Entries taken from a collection
------------------------------------------------------------
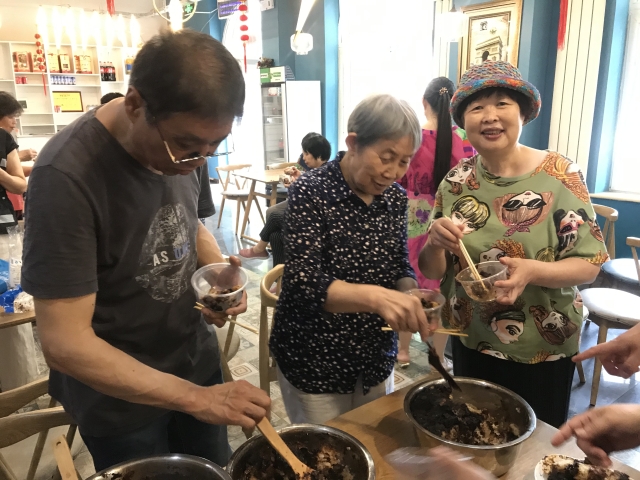 西安光机所老年厨艺协会学做西安特色小吃“甑糕”
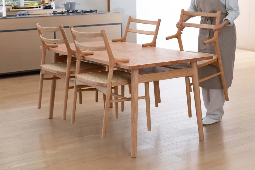 暮らしは時代とともに変化していきます。新しく便利な家電が増え、暮らし方の価値観まで変わる今、家具はそのままで良いのでしょうか。例えば、今や多くの家庭で使われるようになった全自動ロボット掃除機は、床にモノを置かない方が効率的に使用できます。そのためにアームを引っ掛けてほんの少し脚を浮かせられるダイニングチェアは、べんりにくらすための家具のひとつのかたちと言えるかも知れません。
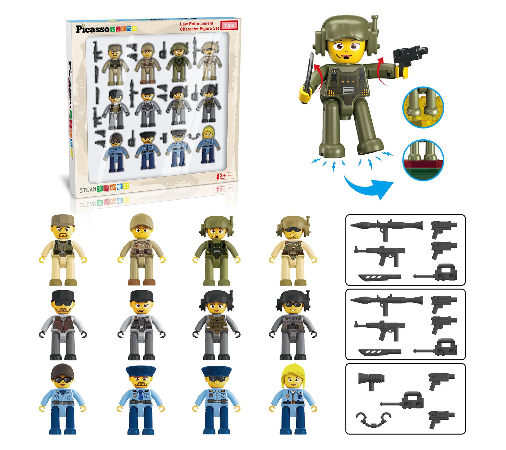 PicassoTiles Law Enforcement & Military Character Figure Set
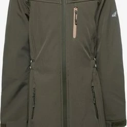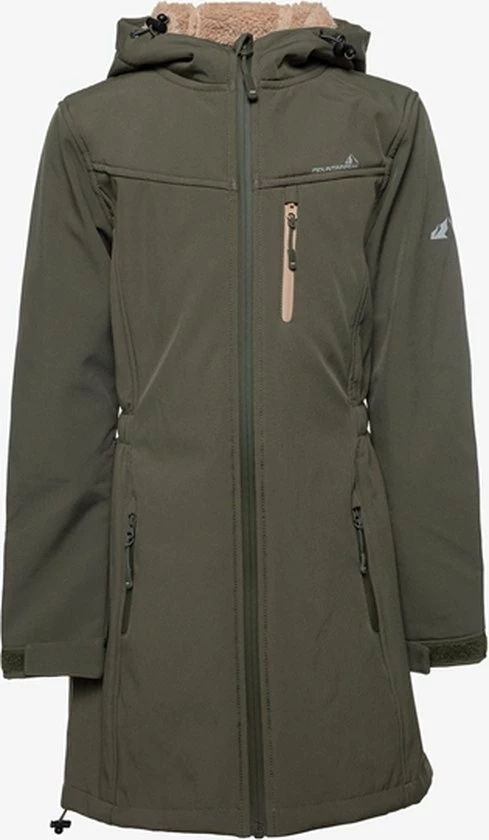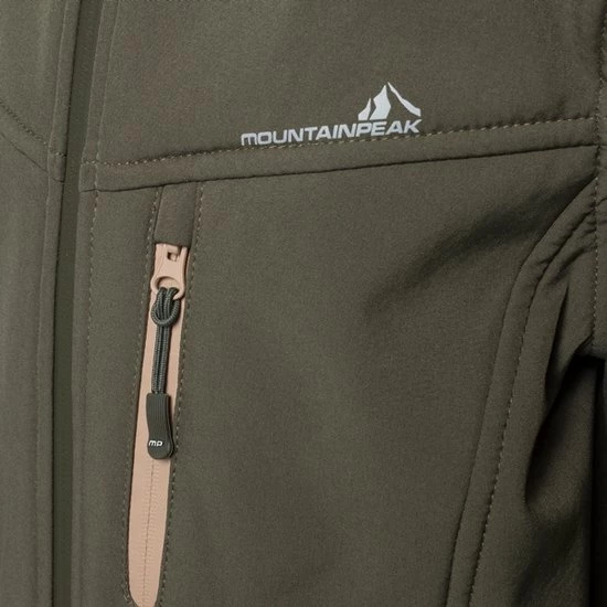 Groene softshell jas uit de Mountain Peak collectie. Voorzien van een een waterdichte ritssluiting met kinbeschermer en windstopper en een vaste, warmgevoerde capuchon met aansnoerkoordjes. De jas heeft twee zakken met ritsen en een extra borstzakje met ritssluiting. Voorzien van een voering van extra zacht fleece. De softshell jas is winddicht, ademend, warmte regulerend en sneeuw/waterafstotend. Gemaakt van 95% polyester en 5% elastaan met een waterkolom van 3000 MM.
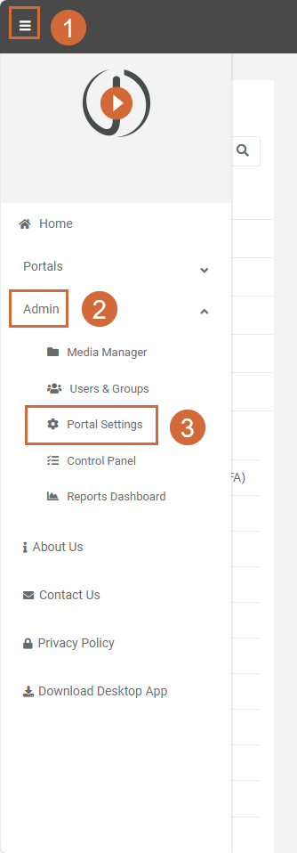 1. Click on the menu icon on the top left-hand corner of the screen to bring up the left navigation pane. 2. Then click on the down arrow to expand the admin section. 3. Select the Portal Settings from the navigation panel.
------------------------------------------------------------
# Directions:
Retype the data word for word and keep the pictures out of it.

# Finished task:
 西安光机所老年厨艺协会学做西安特色小吃“甑糕”
 暮らしは時代とともに変化していきます。新しく便利な家電が増え、暮らし方の価値観まで変わる今、家具はそのままで良いのでしょうか。例えば、今や多くの家庭で使われるようになった全自動ロボット掃除機は、床にモノを置かない方が効率的に使用できます。そのためにアームを引っ掛けてほんの少し脚を浮かせられるダイニングチェアは、べんりにくらすための家具のひとつのかたちと言えるかも知れません。
 PicassoTiles Law Enforcement & Military Character Figure Set
 Groene softshell jas uit de Mountain Peak collectie. Voorzien van een een waterdichte ritssluiting met kinbeschermer en windstopper en een vaste, warmgevoerde capuchon met aansnoerkoordjes. De jas heeft twee zakken met ritsen en een extra borstzakje met ritssluiting. Voorzien van een voering van extra zacht fleece. De softshell jas is winddicht, ademend, warmte regulerend en sneeuw/waterafstotend. Gemaakt van 95% polyester en 5% elastaan met een waterkolom van 3000 MM.
 1. Click on the menu icon on the top left-hand corner of the screen to bring up the left navigation pane. 2. Then click on the down arrow to expand the admin section. 3. Select the Portal Settings from the navigation panel.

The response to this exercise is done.